Hi, I'm working on some trig questions and can't get the answer for this last question; I have a hunch that it might be one of those obvious ones where you think too much ...

Either way, help would be much appreciated!

solve (cosx)^2 - 2sinxcosx - (sinx)^2 = 0, 0 ≤ x ≤ 2π giving the answer in exact form

 

[mjsd]

PF welcome.
ok, you should really tell us what you have tried.
hint: if $$\sin \,x \neq 0$$ you can divide through and eliminate the cos and sin... and put them into another trig function.
when sin x =0 then it is simple eh?
(same applies to cos)

 

[glass.shards]

Thanks mjsd,

I've established that it can be simplified to cos2x-sin2x=0, but I'm not sure where to go from there... unless cos2x and sin2x are both zero?

How can you divide through to eliminate cos and sin?

 

[belliott4488]

You might also consider temporarily substituting a for cosx and b for sinx, and see if you get anything that looks easier to solve.

 

[Rainbow Child]

Thanks mjsd,

I've established that it can be simplified to cos2x-sin2x=0, but I'm not sure where to go from there... unless cos2x and sin2x are both zero?

How can you divide through to eliminate cos and sin?

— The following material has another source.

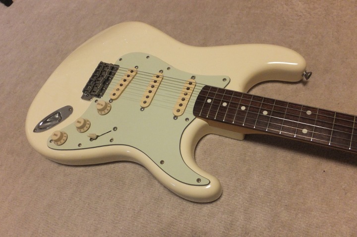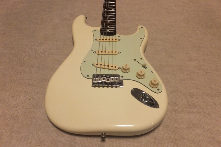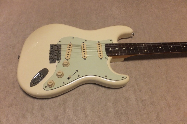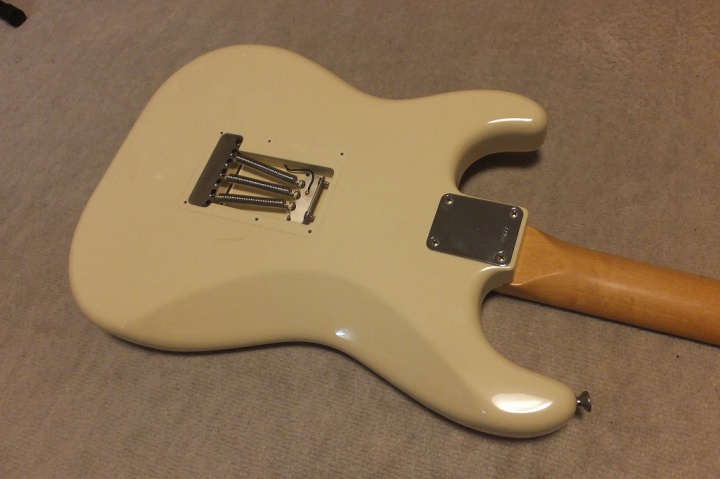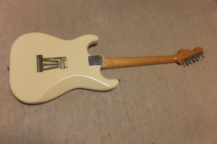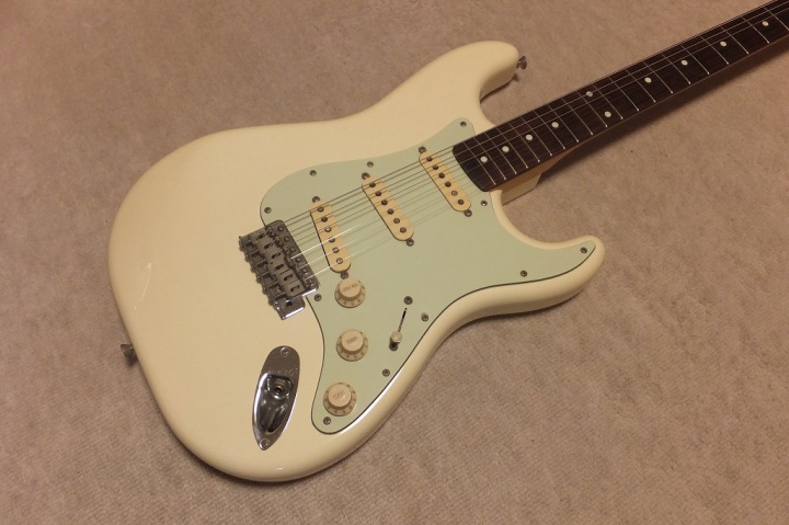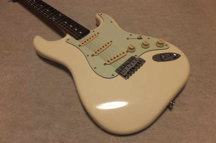 | Saymour Duncan DS-100 1989-90 ESP Made 62 model Several my friends who has been working for music industry here told me that early made Seymour Duncan was pretty good tone. So, I have been looking for only their "Traditional" series. This is recently I got. It is pretty good condition and no modification. So, I didn't touch so much for this guitar. I have only change the tremolo block to steel made. It makes much better tone. The body wood is ash 2P center bonded. It is approx. 3.6Kg. as Strat, it is a proper weight. This is not really JV guitar. only 15+ years old guitar. But it is good MIJ guitar. ESP has stopped the production of Seymour Duncan guitars. It is just rumors that Fender claimed ESP and this series was obsoleted |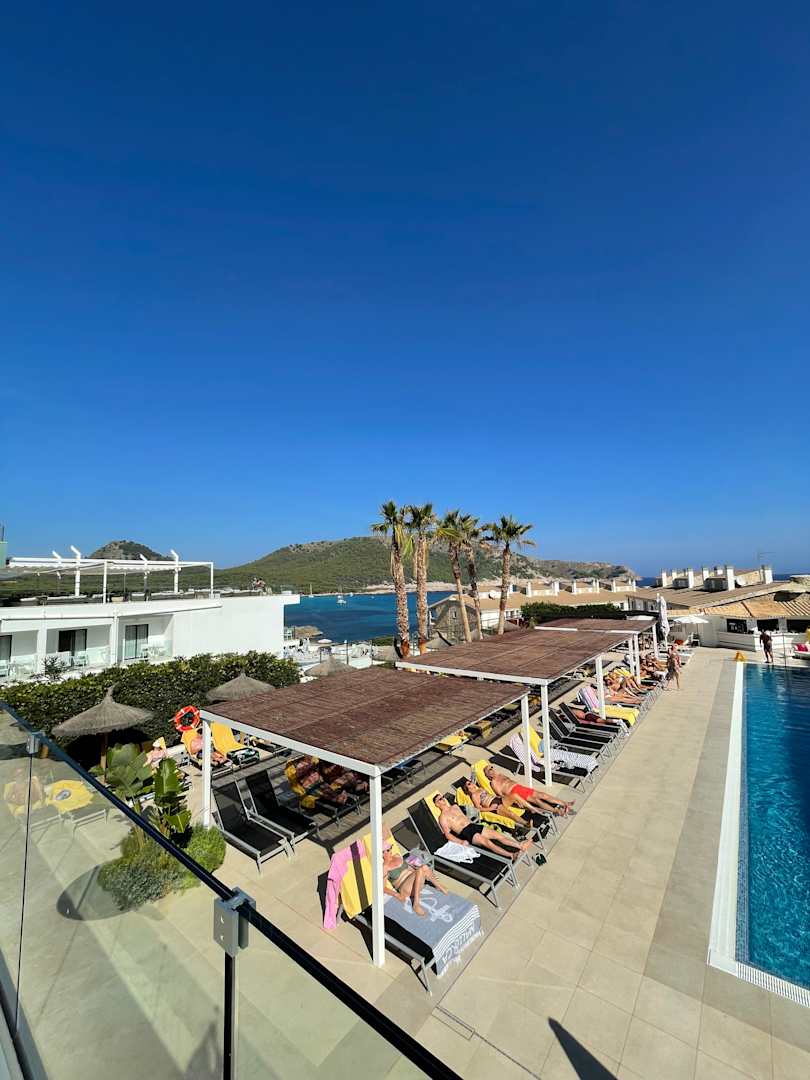 PoolBlick von der 3. Etage auf den Pool, den Liegebereich und das Nachbarhotel mit der Bucht im Hintergrund

What about trying mjsd's hint in the last equation: divide by $$\sin2\,x$$ if $$\sin2\,x \neq 0$$

or

change $$\cos2\,x$$ to $$\sin(\frac{\pi}{2}-2\,x)$$.

 

[HallsofIvy]

To continue belliot4488's suggestion, can you solve $a^2- 2ab- b^2= 0$ for a in terms of b?

 

[glass.shards]

oh! I think I've got it:

divide both sides by cos2x to get tan2x=1
work out four answers to be π/8, 5π/8, 9π/8, and 13π/8

is this correct?

Thanks for everyone's quick replies! :D

 

[Rainbow Child]

Correct!

 

[glass.shards]

Thank you so much!